Co do tego konkretnego przypadku, w artykule jest wzmianka, że ojciec chłopca pracował przy sprzęcie rentgenowskim. Ma to sens, zwłaszcza że - ale to tylko moje przypuszczenia - sprzęt mógł nie być najnowszy i z najwyższej półki, co jeszcze bardziej zwiększało ryzyko nadmiernej ekspozycji na promieniowanie. Mowa jest również o podejrzeniu kazirodztwa - kolejny czynnik. 

Portret użytkownika Px

Akurat we wspomnianych przez

Akurat we wspomnianych przez ciebie Indiach jest bardzo dużo tego typu i inego mutacji.Róznica tylko taka że nie nagłasnia się tego a ludzie ci żyją wśród innych niemal nie zauważeni.Pełzają dosłownie miedzy nogami do tego czesto jeszcze emanując radością z bycia "kadłubkiem" ale z możliwością doświadczania życia.Nie zauważa się ich odmiennosci która oczywiście przypadkową nie jest.

Portret użytkownika Racjonalista

To smutne, jak ludzie

To smutne, jak ludzie potrafią wykorzystywać cierpienie niewinnego dziecka do własnych celów. Autor artykułu ma nadzieję, że nie nastąpi inwazja obcych, ja mam nadzieję, że to dziecko przejdzie pomyślnie operację i w spokoju przeżyje swoje życie, nie stając się maskotką dla bandy jakichś oszołomów. 

Portret użytkownika &

Cholera wie jak to się stało.

Cholera wie jak to się stało.

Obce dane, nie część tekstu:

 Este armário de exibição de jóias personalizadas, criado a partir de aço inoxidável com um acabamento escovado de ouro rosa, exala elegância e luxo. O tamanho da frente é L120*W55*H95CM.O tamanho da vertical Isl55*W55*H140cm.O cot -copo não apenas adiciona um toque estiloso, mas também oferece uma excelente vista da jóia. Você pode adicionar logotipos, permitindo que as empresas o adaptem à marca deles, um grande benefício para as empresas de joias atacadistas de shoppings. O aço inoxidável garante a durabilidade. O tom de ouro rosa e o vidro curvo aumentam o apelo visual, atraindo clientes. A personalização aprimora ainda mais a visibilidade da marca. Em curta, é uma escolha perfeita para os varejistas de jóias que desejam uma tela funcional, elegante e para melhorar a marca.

Pewnie chodziło o to, że jak ludzie dojdą do takiego poziomu (opanowanie promieniotwórczości itd), że urodzi się tak chore dziecko, to znaczy, że koniec się zbliża. Ponadto dziecko powinno mieć ulżenie w cierpieniu. Poddawanie go tej operacji jest skazywaniem go na bóle.

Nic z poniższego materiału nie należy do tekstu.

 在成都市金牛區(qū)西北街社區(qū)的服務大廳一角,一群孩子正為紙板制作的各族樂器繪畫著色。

Myślisz tak samo jak tamci oszołomy. Byle tylko żył, dla samej ideii życia i biegania z chlebem.

Mówisz, że kosmici są ich religią. Twoją religią jest przymus życia za wszelką cenę, nawet po takich przejściach.

Portret użytkownika Racjonalista

Nie jestem zwolennikiem życia

Nie jestem zwolennikiem życia "dla samej idei życia", jak to ująłeś. Popieram prawo do aborcji i eutanazji, jestem przeciwnikiem uciążliwych terapii, potrafię - jeżeli sytuacja jest beznajdziejna - życzyć cierpiącemu i nieuleczalnie choremu szybkiej śmierci, właśnie po to, żeby się nie męczył, ale skoro istnieje możliwość zoperowania i przywrócenia chociażby częściowej sprawności, to czemu z niej nie skorzystać? To nie łuska arlekinowa, akrania, mikrocefalia czy inny wyrok śmierci, tylko trochę nadprogramowej tkanki. Mówisz, że okrucieństwem byłoby pozwolić żyć dziecku po takich przejściach. Ono ma sześć tygodni, nie jest świadome w pełnym znaczeniu tego słowa, nawet jeżeli leczenie i rehabilitacja będą się wiązały z dyskomfortem czy nawet bólem, nie będzie tego pamiętało - amnezja dziecięca.